**Your objective:** Retype every entry below without pictures.

**Data records:**
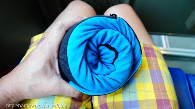 拿這趟出門小旅行來說,因為帶的東西比較多,我就把這個自己使用的GreySa格蕾莎全家福旅行頸枕捲得更小一些,同樣OK沒有問題。
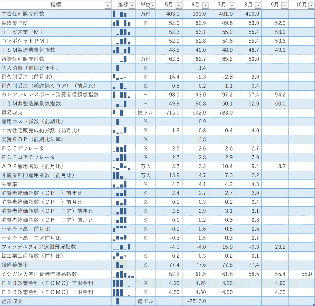 過去の指標からながめていくとなんとなく米経済全体の流れが見え、最新ニュースの意味がより深く理解できるようになります。
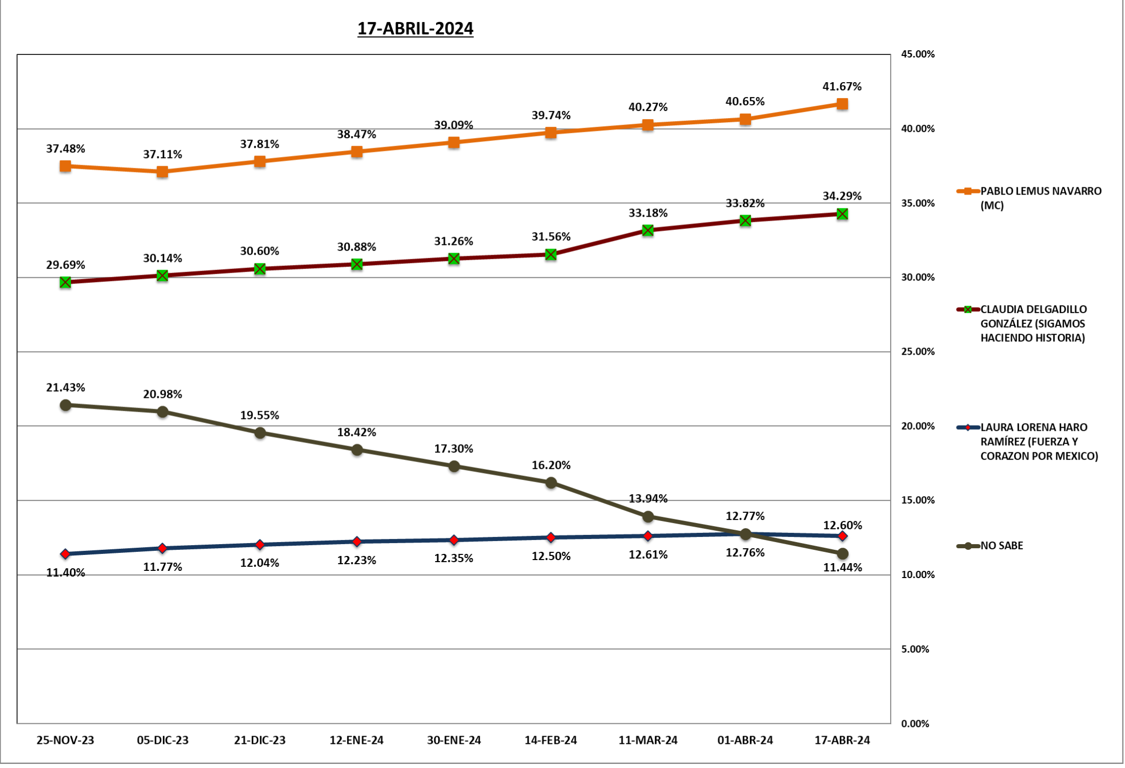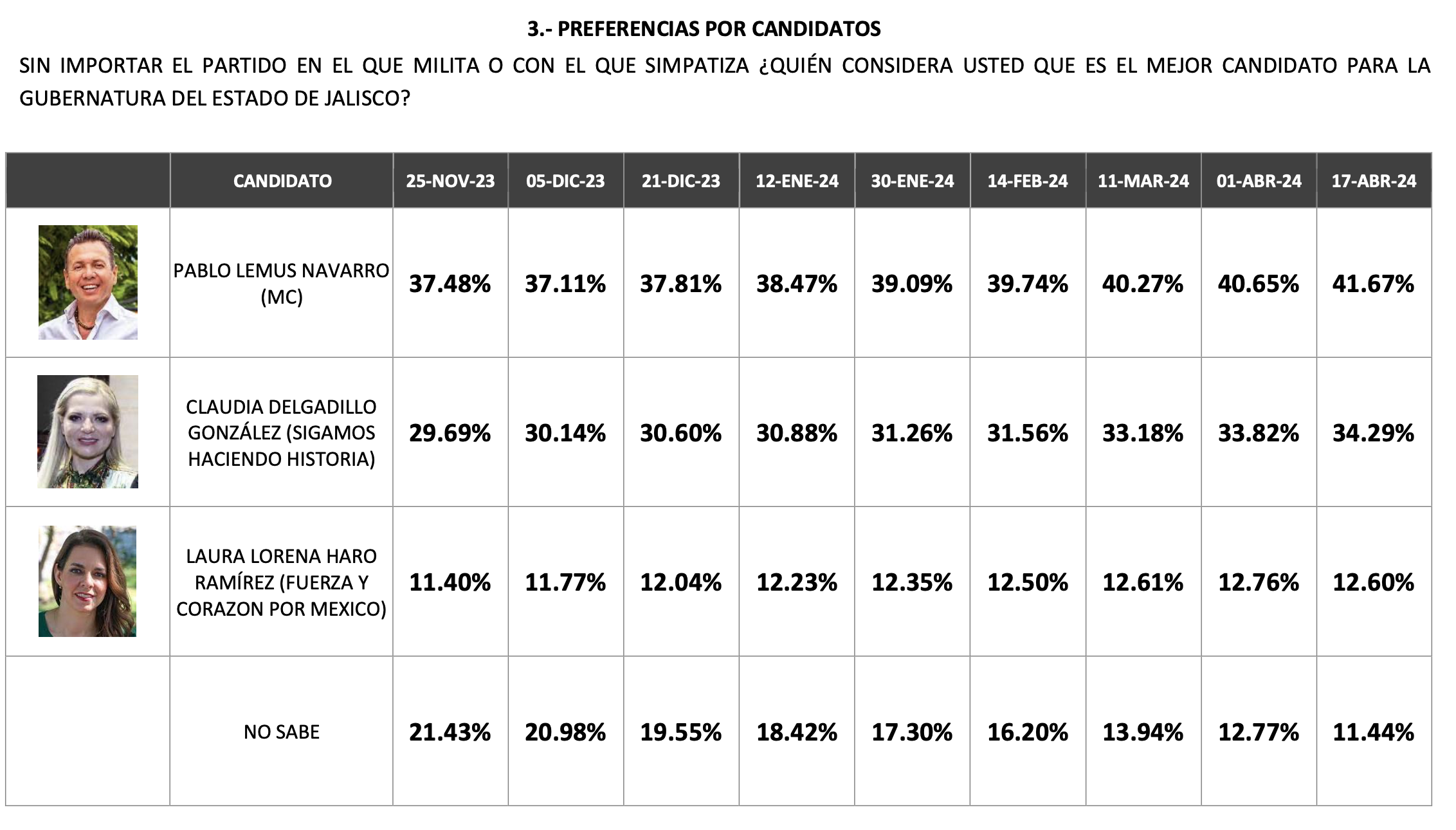 La empresa “Índice, Información y Análisis” ha realizado 9 levantamientos estadísticos del 25 de noviembre al 17 de abril, esto es, precampaña y campaña y en cada uno de sus seguimientos Lemus se mantiene al frente, e incluso aumentando sus preferencias.
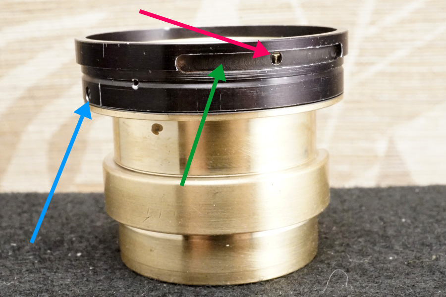 従って一直線上に並ぶように仕向けず (それを無視して) 組み上げた結果、現状発生したガタつきは消えています・・なお、それに際し、空転ヘリコイドと鏡筒との間に「当方で用意したシム環」を挟んで仕上げています。
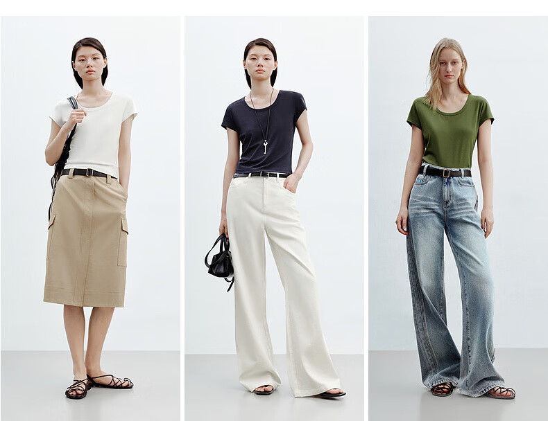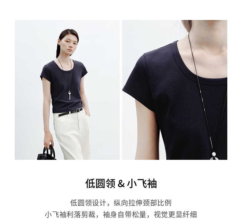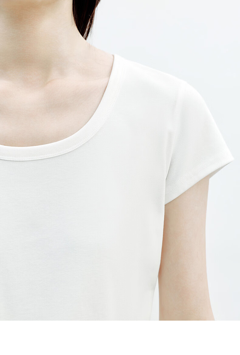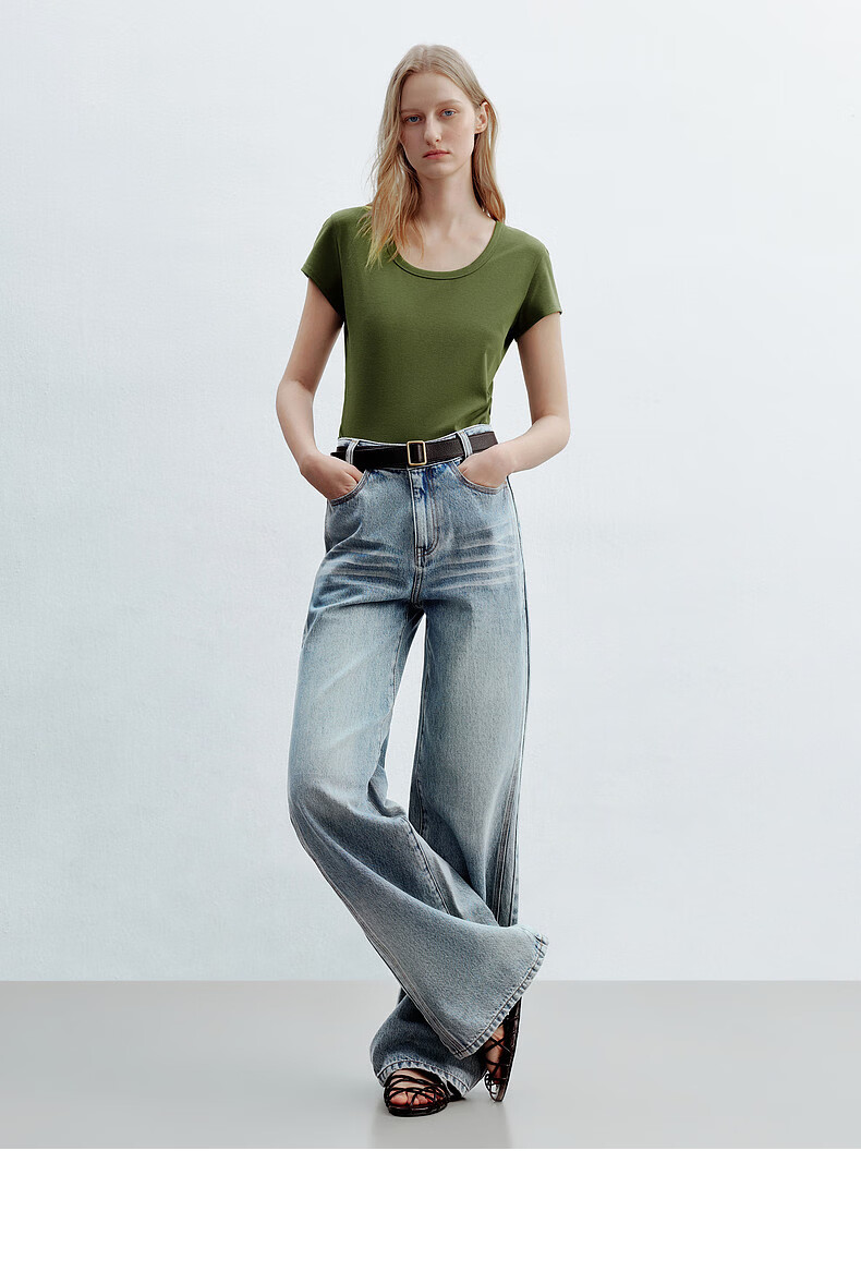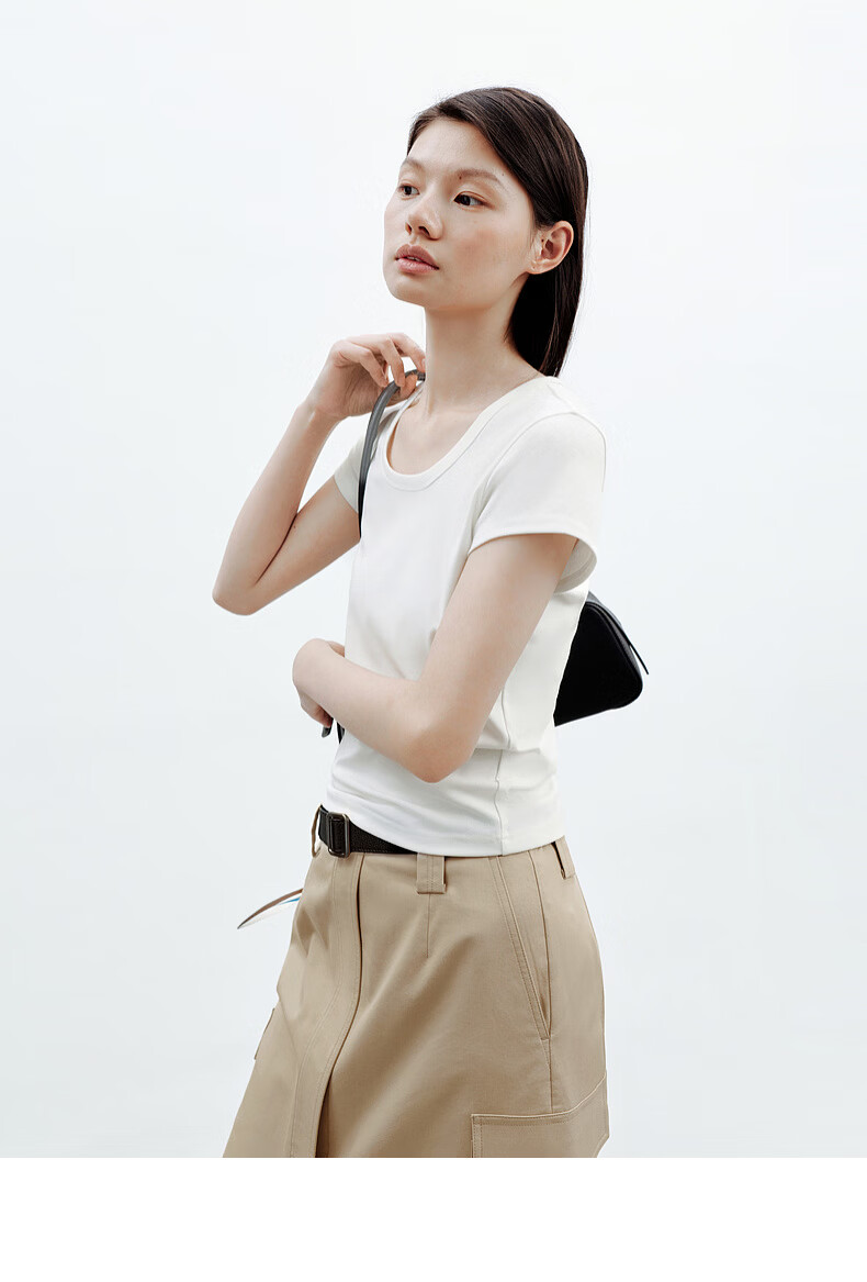 H's白色正肩小飞袖T恤女26年夏季新款高级感修身短袖上衣打底衫 橄榄绿 M
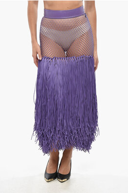 Gonna Midi In Pelle con Sottoveste Frangiata
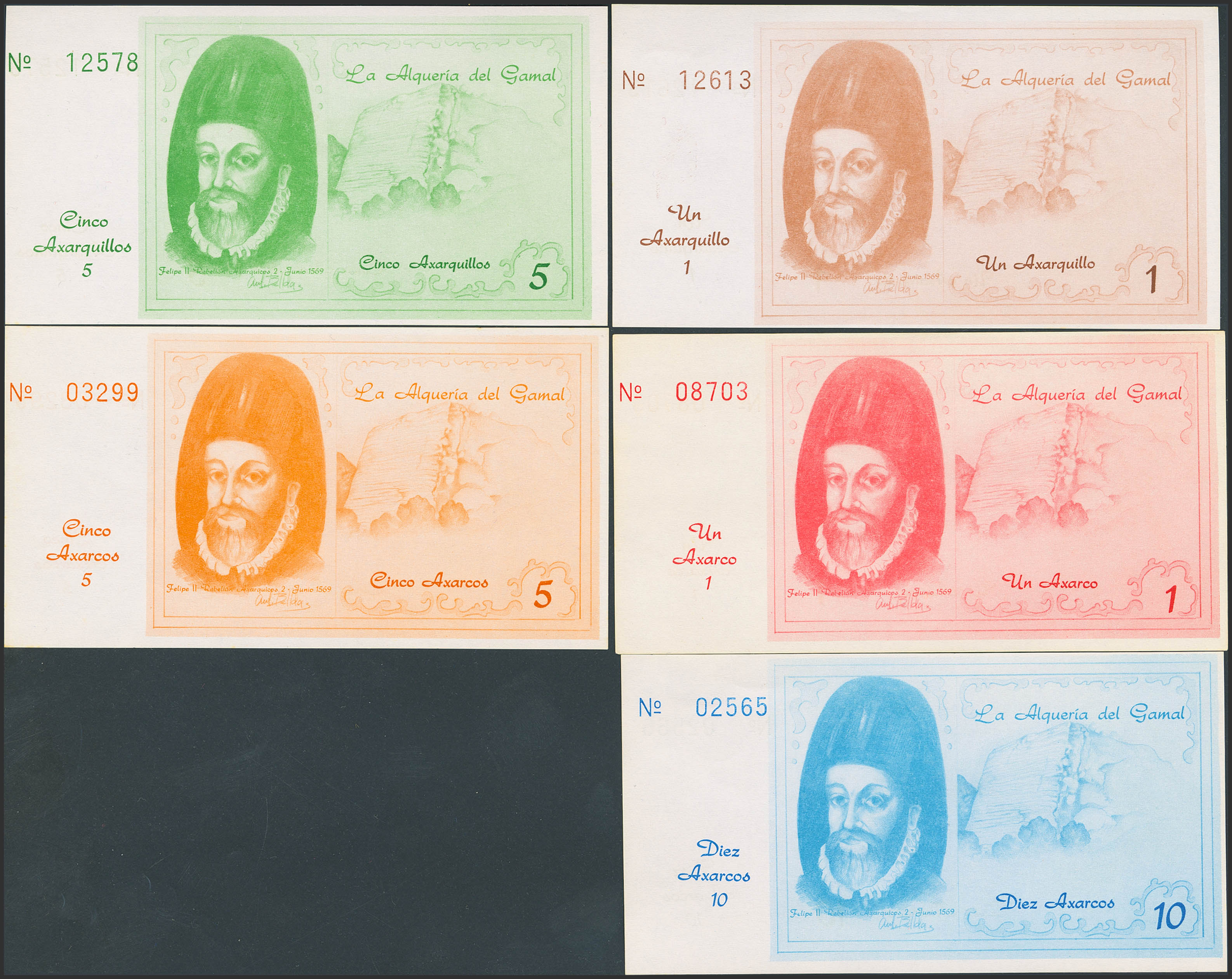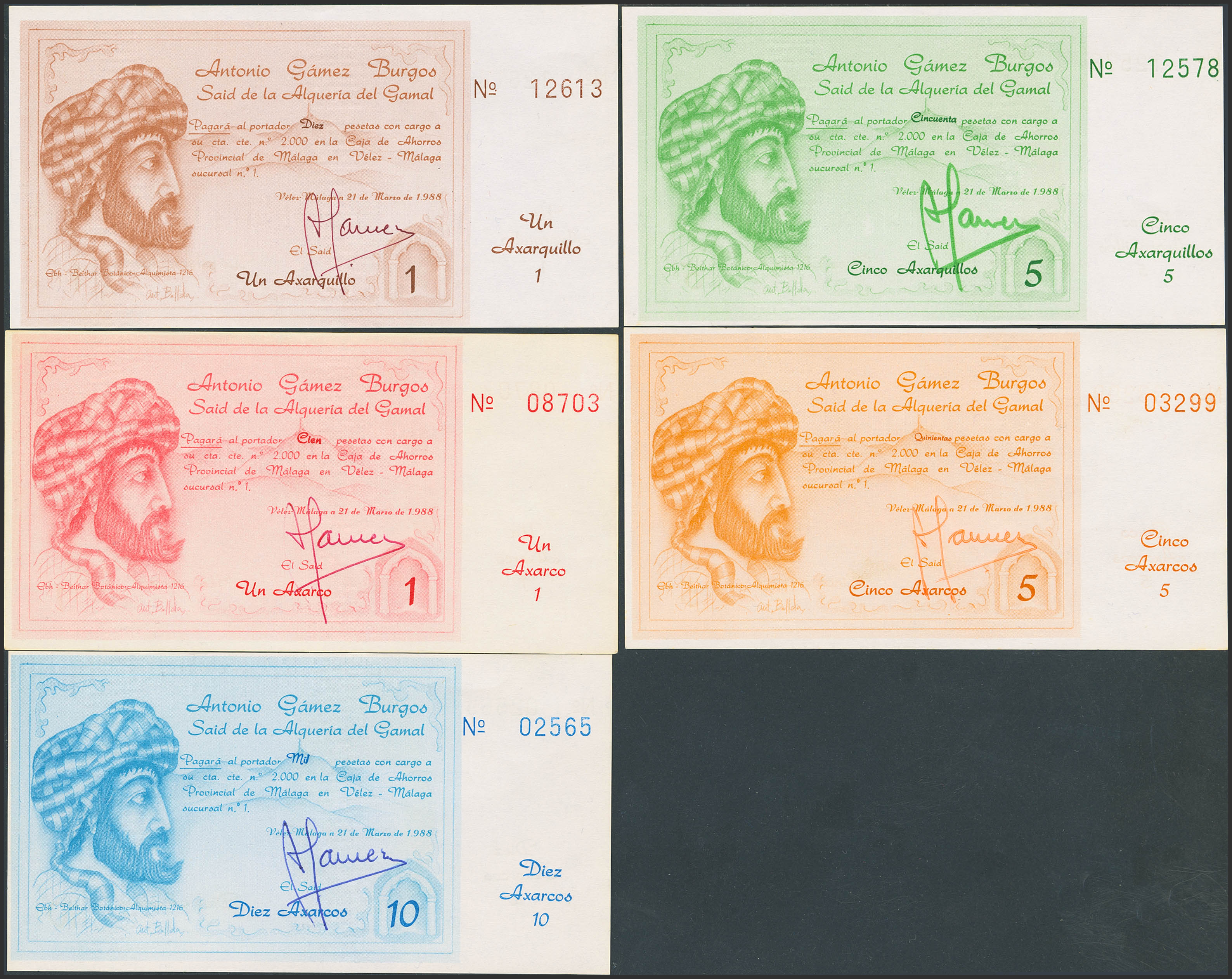 Series of 5 banknotes of 1 and 5 Axarquillos and of 1, 5 and 10 Axarcos. March 21, 1988. Vélez, Málaga. Antonio Gámez Burgos, Said de la Arquería de Gamal. Uncirculated.

**Response box:**
 拿這趟出門小旅行來說,因為帶的東西比較多,我就把這個自己使用的GreySa格蕾莎全家福旅行頸枕捲得更小一些,同樣OK沒有問題。
 過去の指標からながめていくとなんとなく米経済全体の流れが見え、最新ニュースの意味がより深く理解できるようになります。
 La empresa “Índice, Información y Análisis” ha realizado 9 levantamientos estadísticos del 25 de noviembre al 17 de abril, esto es, precampaña y campaña y en cada uno de sus seguimientos Lemus se mantiene al frente, e incluso aumentando sus preferencias.
 従って一直線上に並ぶように仕向けず (それを無視して) 組み上げた結果、現状発生したガタつきは消えています・・なお、それに際し、空転ヘリコイドと鏡筒との間に「当方で用意したシム環」を挟んで仕上げています。
 H's白色正肩小飞袖T恤女26年夏季新款高级感修身短袖上衣打底衫 橄榄绿 M
 Gonna Midi In Pelle con Sottoveste Frangiata
 Series of 5 banknotes of 1 and 5 Axarquillos and of 1, 5 and 10 Axarcos. March 21, 1988. Vélez, Málaga. Antonio Gámez Burgos, Said de la Arquería de Gamal. Uncirculated.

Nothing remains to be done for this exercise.